Han Yunus (UNA/WAFA) – Hayatın çalındığı tarım arazilerinin üzerine mülteci çadırlarının uzandığı Han Yunus'un eteklerinde, eskimiş plastik bir sandalyede Yakub el-Ağa (85 yaşında) oturuyor. Yıllar yüzüne iki felaketin haritasını kazımıştı. İlk felaketin acısını yaşayanlardan biriydi, bugün ise Gazze Şeridi'nde hafıza ve umuttan geriye kalanları da yiyip bitiren yeni bir felakete tanıklık ediyor.
“Barbara köyünden gelen ilk mülteci grubu geldiğinde ben altı yaşında bir çocuktum. Korkmuş ve yalınayak geldiler, bazıları çocuklarını omuzlarında taşıyordu, diğerleri sadece üzerlerinde elbiseleriyle. Ahmed'in ailesi de dahil olmak üzere yaklaşık otuz aileydiler. Siyonist çetelerin kendilerine karşı işlediği katliamlardan kaçarak geldiler. Evlerini ve çiftliklerini terk edip güneye kaçtılar,” dedi seksen yaşındaki adam, 1948 Nakba'sı hakkında konuşmaya başlarken.

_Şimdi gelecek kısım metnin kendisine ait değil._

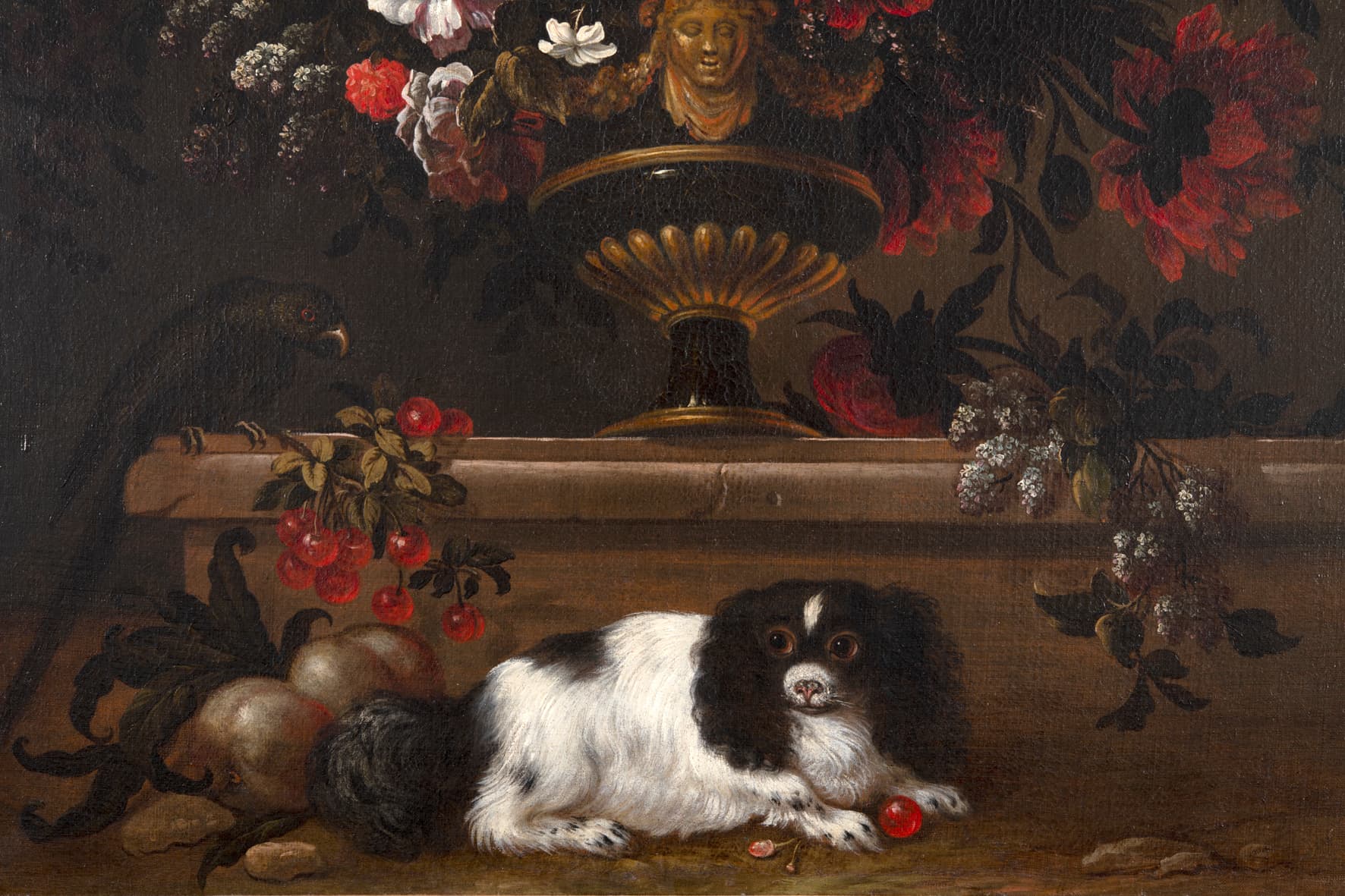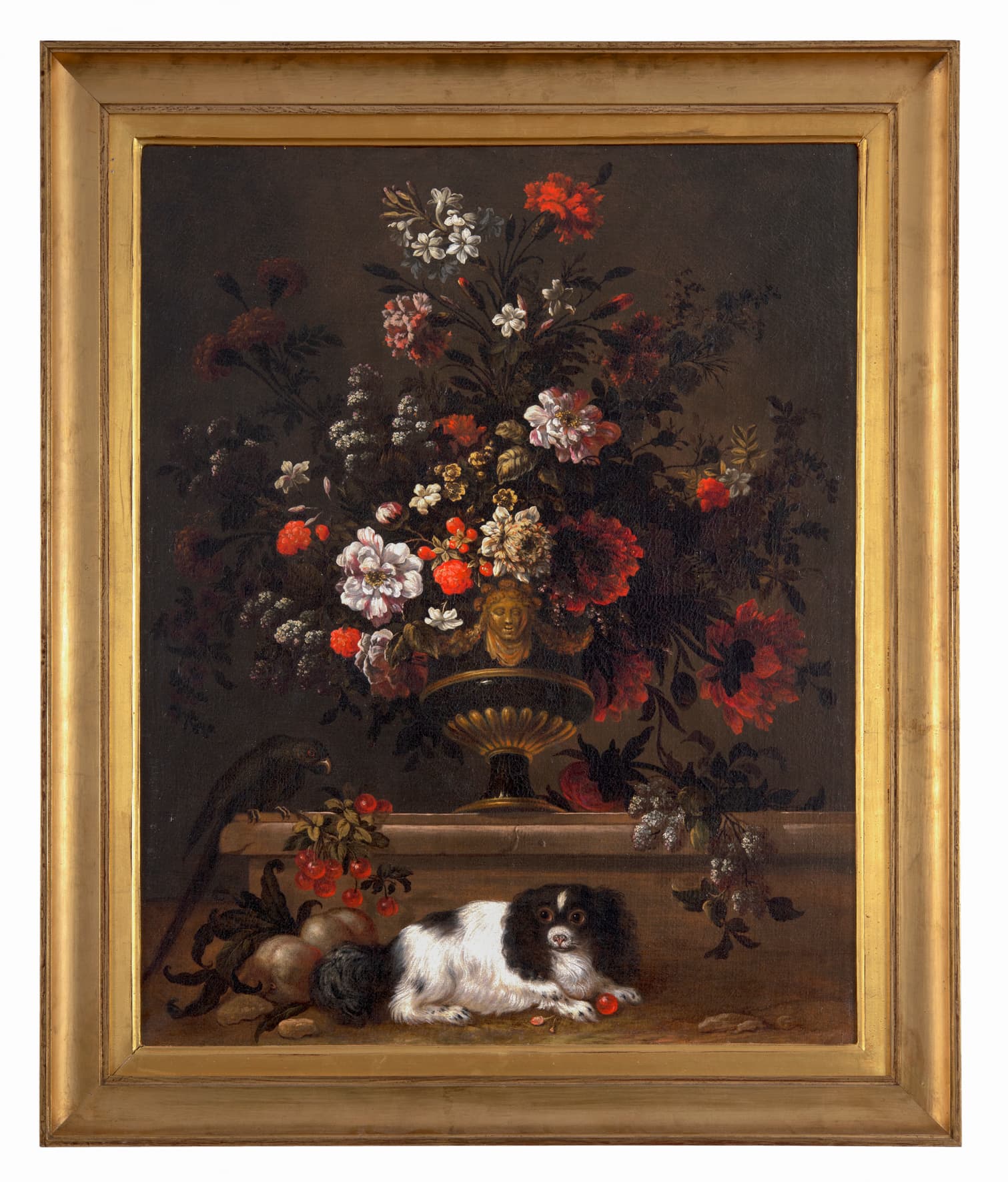 Vase de fleurs et chien

Yakup'un babası onları tanıyordu, onlarla güçlü bir ticari ilişki içindeydi ve eski bir aile dostuydu, bu yüzden Han Yunus'un doğu kesimindeki evinin kapılarını onlara açmaktan çekinmedi. "Evimiz onların barınağı oldu. Onlara ekmeğimizi verdik ve onlarla su paylaştık. Annem onlar için yemek pişirdi ve büyükannem çocuklarının kıyafetlerini dikti," dedi Agha.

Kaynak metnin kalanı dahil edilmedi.